La première fois que Rosalie avait franchi le seuil de son cabinet, elle avait pris soin d’avaler une heure auparavant un calmant pour tenter de gérer la panique qui s’emparait d’elle sitôt qu’elle poussait la porte d’un cabinet dentaire.
Un jour que l’attente s’était prolongée chez son précédent dentiste, la panique avait tellement monté qu’elle avait feint de recevoir un appel urgent sur son portable et avait déguerpi sans demander son reste devant la secrétaire incrédule.
Mais malgré la prise de calmant de la patiente, le nouveau dentiste de Rosalie avait remarqué la terreur qu’on pouvait lire sur son visage lors de son premier rendez-vous, il y a dix-sept ans de cela. Et lui qui était de nature tactile, avait pris soin d’installer la patiente terrorisée en la guidant des deux mains. Il l’avait d’abord doucement poussée vers le fauteuil en effectuant de petits mouvements circulaires au niveau de ses omoplates. Rosalie, ça l’avait instantanément rassurée qu’il la touche, comme si ses mains de grand manitou avaient le pouvoir de capturer un peu de la panique qui l’habitait.
Quand il lui avait expliqué après la radiographie que la dent était bien vivante et qu’il allait devoir procéder à une anesthésie pour accéder à la carie sous l’amalgame, Rosalie avait cru qu’il plaisantait pour lui faire peur. Mais il ne lui avait pas laissé le temps d’alimenter sa panique. Déjà il préparait les instruments de torture en continuant à lui faire la conversation, comme s’ils étaient tous les deux au café du coin à papoter gentiment.

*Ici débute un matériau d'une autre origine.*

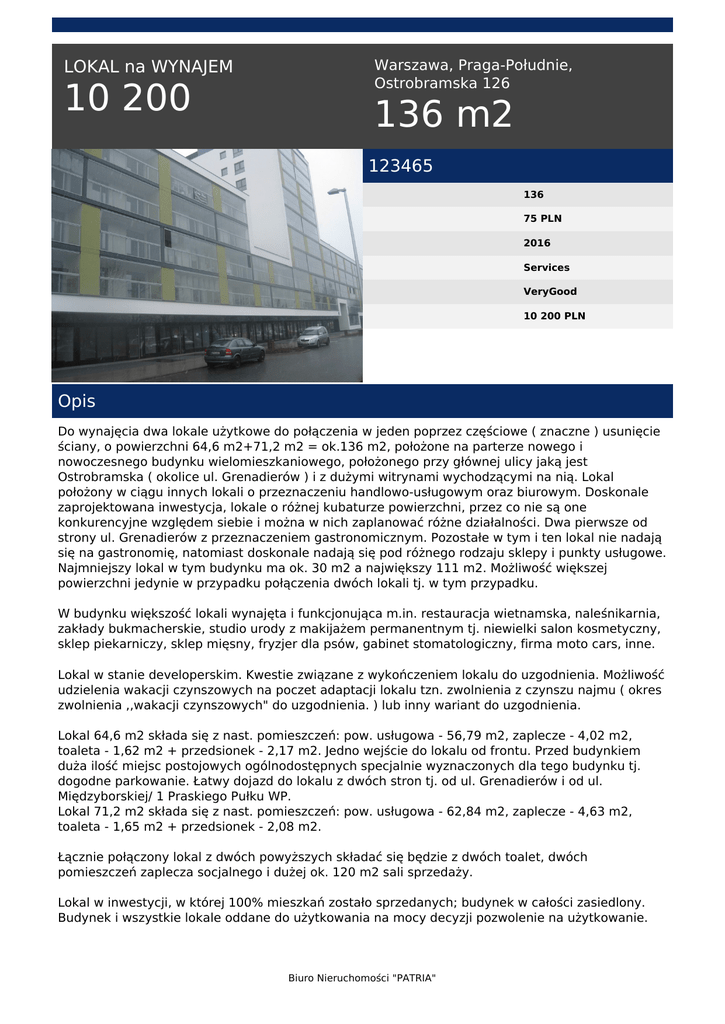 LOKAL na WYNAJEM 10 200 Warszawa, Praga-Południe, Ostrobramska 126 136 m2 123465 136 75 PLN 2016 Services VeryGood 10 200 PLN Opis Do wynajęcia dwa lokale użytkowe do połączenia w jeden poprzez częściowe ( znaczne ) usunięcie ściany, o powierzchni 64,6 m2+71,2 m2 = ok.136 m2, położone na parterze nowego i nowoczesnego budynku wielomieszkaniowego, położonego przy głównej ulicy jaką jest Ostrobramska ( okolice ul. Grenadierów ) i z dużymi witrynami wychodzącymi na nią. Lokal położony w ciągu innych lokali o przeznaczeniu handlowo-usługowym oraz biurowym. Doskonale zaprojektowana inwestycja, lokale o różnej kubaturze powierzchni, przez co nie są one konkurencyjne względem siebie i można w nich zaplanować różne działalności. Dwa pierwsze od strony ul. Grenadierów z przeznaczeniem gastronomicznym. Pozostałe w tym i ten lokal nie nadają się na gastronomię, natomiast doskonale nadają się pod różnego rodzaju sklepy i punkty usługowe. Najmniejszy lokal w tym budynku ma ok. 30 m2 a największy 111 m2. Możliwość większej powierzchni jedynie w przypadku połączenia dwóch lokali tj. w tym przypadku. W budynku większość lokali wynajęta i funkcjonująca m.in. restauracja wietnamska, naleśnikarnia, zakłady bukmacherskie, studio urody z makijażem permanentnym tj. niewielki salon kosmetyczny, sklep piekarniczy, sklep mięsny, fryzjer dla psów, gabinet stomatologiczny, firma moto cars, inne. Lokal w stanie developerskim. Kwestie związane z wykończeniem lokalu do uzgodnienia. Możliwość udzielenia wakacji czynszowych na poczet adaptacji lokalu tzn. zwolnienia z czynszu najmu ( okres zwolnienia ,,wakacji czynszowych" do uzgodnienia. ) lub inny wariant do uzgodnienia. Lokal 64,6 m2 składa się z nast. pomieszczeń: pow. usługowa - 56,79 m2, zaplecze - 4,02 m2, toaleta - 1,62 m2 + przedsionek - 2,17 m2. Jedno wejście do lokalu od frontu. Przed budynkiem duża ilość miejsc postojowych ogólnodostępnych specjalnie wyznaczonych dla tego budynku tj. dogodne parkowanie. Łatwy dojazd do lokalu z dwóch stron tj. od ul. Grenadierów i od ul. Międzyborskiej/ 1 Praskiego Pułku WP. Lokal 71,2 m2 składa się z nast. pomieszczeń: pow. usługowa - 62,84 m2, zaplecze - 4,63 m2, toaleta - 1,65 m2 + przedsionek - 2,08 m2. Łącznie połączony lokal z dwóch powyższych składać się będzie z dwóch toalet, dwóch pomieszczeń zaplecza socjalnego i dużej ok. 120 m2 sali sprzedaży. Lokal w inwestycji, w której 100% mieszkań zostało sprzedanych; budynek w całości zasiedlony. Budynek i wszystkie lokale oddane do użytkowania na mocy decyzji pozwolenie na użytkowanie. Biuro Nieruchomości "PATRIA" Okolica gęsto zaludniona budownictwem mieszkaniowym. Po drugiej stronie ul. Ostrobramskiej oprócz osiedli mieszkaniowych zakłady ,,Rawar". Ruchliwa ulica, blisko przystanki komunikacji miejskiej. Lokal wysoki, w garażu podziemnym specjalnie wyznaczone miejsce pod umieszczenie klimatyzatora. Budynek o bardzo ładnej, reprezentatywnej elewacji. Wejścia do lokali od strony ul.Ostrobramskiej. Do ceny najmu należy doliczyć opłaty specyfikowane przez Administratora, które będą ujęte w jednej fakturze zbiorczej np. zaliczki na ciepłą wodę i zimną, c.o., wywóz nieczystości itp. + prąd ( najemca zawiera bezpośrednio umowę z wybranym przez Siebie operatorem/dostawcą energii elektrycznej ) oraz podatek vat w wysokości 23%. Rzuty lokali i dokumentacja techniczna dostępna u Pośrednika Wyłącznego. Biuro Nieruchomości "PATRIA" tel. 91 4886426, 91 4886427, 507 124 122 email: [email protected] Biuro Nieruchomości "PATRIA" Powered by TCPDF (www.tcpdf.org)
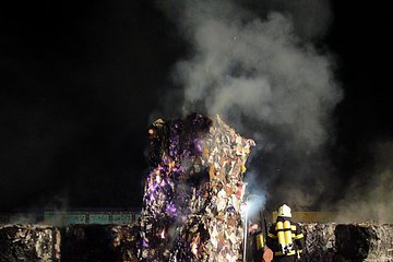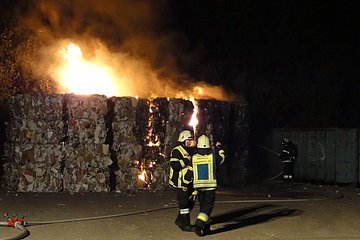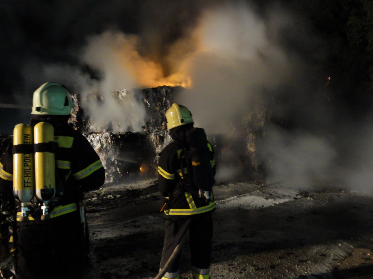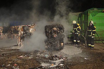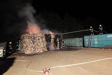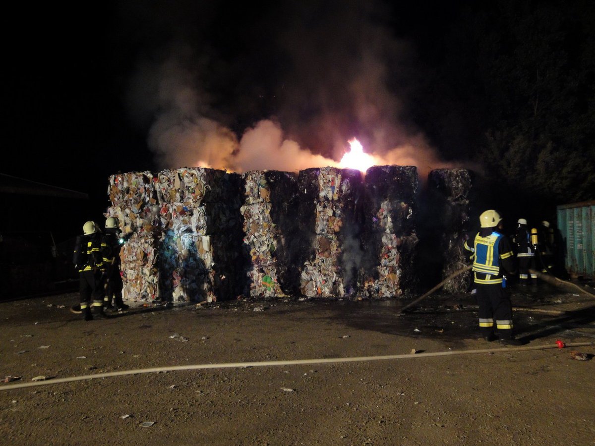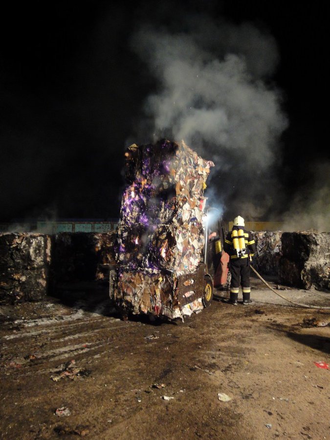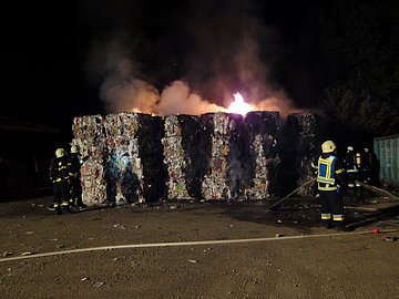 Heute Morgen kam es zu einem Brand von ca. 80 gepressten Papierballen in einer Papiersortieranlage bei Pyras. Gegen 00:30 Uhr wurden die Feuerwehren aus Patersholz, Jahrsdorf und Hilpoltstein mit der Einsatzmeldung "Containerbrand" alarmiert. Mit mehreren Trupps unter Atemschutz konnte eine Ausbreitung auf weitere Papierballen verhindert werden, das Löschwasser wurde im Pendelverkehr mit den Tanklöschfahrzeugen unserer Wehr sichergestellt. Zum endgültigen Ablöschen der Glutnester mussten die Papierballen mit zwei Ladern auf dem Firmengelände verteilt werden. Der große Bedarf an Atemschutzgeräten wurde von der nachalarmierten Unterstützungsgruppe Atemschutz vom Landkreis Roth abgedeckt.
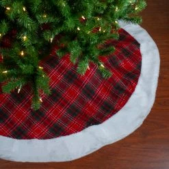 Northlight 60″ Red And Green Plaid Christmas Tree Skirt With White Sherpa Trim
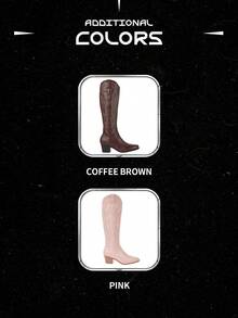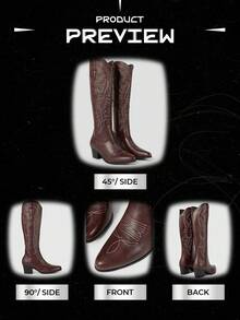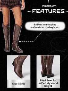 Fairycore Women's 2025 Spring Autumn New Nature-Inspired Coffee Brown Embroidery Western Boot, Outdoor Fashion Slip-On Knee-High Boots
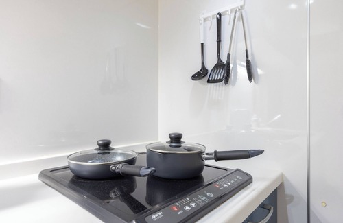 This 1-bedroom, 1-bathroom rental features air conditioning and a desk. Bathroom amenities include a hair dryer, a bidet, and towels. The kitchen is equipped with a stovetop and a refrigerator, as well as an electric kettle, a microwave, and cookware. And thanks to the washer and dryer, you'll even be able to travel light.
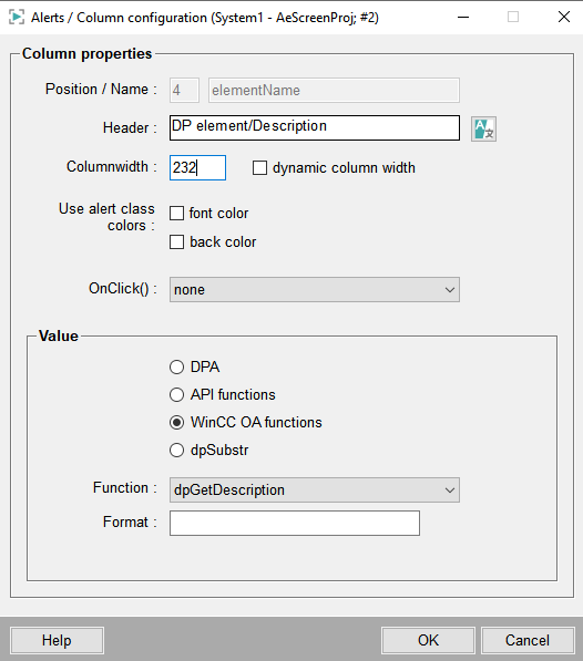 - WinCC OA functions: Choose a predefined function from the combo box. The function specifies the content of the column. The functions are not CONTROL functions but have a similar description. This makes it easier to understand the function. You can also specify a format here.

Sans cesser de lui parler de ses vacances, il avait piqué la gencive avec la seringue et poussé légèrement sur le piston pour injecter une infime quantité du produit anesthésiant. Rapide comme l’éclair, il avait retiré la seringue et s’était mis à lui masser doucement la gencive avec l’index pour laisser au produit le temps de se diffuser et de faire son effet. Pendant que l’index massait la gencive, le pouce caressait machinalement la joue, alors que la voix lui offrait une description panoramique du lac d’Annecy. Et quand la gencive fut insensible, alors seulement il reprit la seringue pour injecter le reste du produit anesthésiant.
Rosalie commençait à en connaître un rayon sur le lac d’Annecy, et au moment où il actionna la roulette, il changea de disque. Instantanément elle se visualisa en jolie bergère tout là-haut sur la colline zaî zaî zaî. Les yeux toujours fermés, elle se concentrait sur la voix et le sifflotement qui couvraient le bruit anxiogène de la fraiseuse. D’habitude quand on lui meulait une dent, le sifflement caractéristique de la turbine la projetait au cœur d’un forage de mine de diamants au fin fond de l’Afrique du Sud, et, de terreur, elle suait à grosses gouttes. Dans le cauchemar récurrent elle était la roche que le disque de la meule creusait inlassablement.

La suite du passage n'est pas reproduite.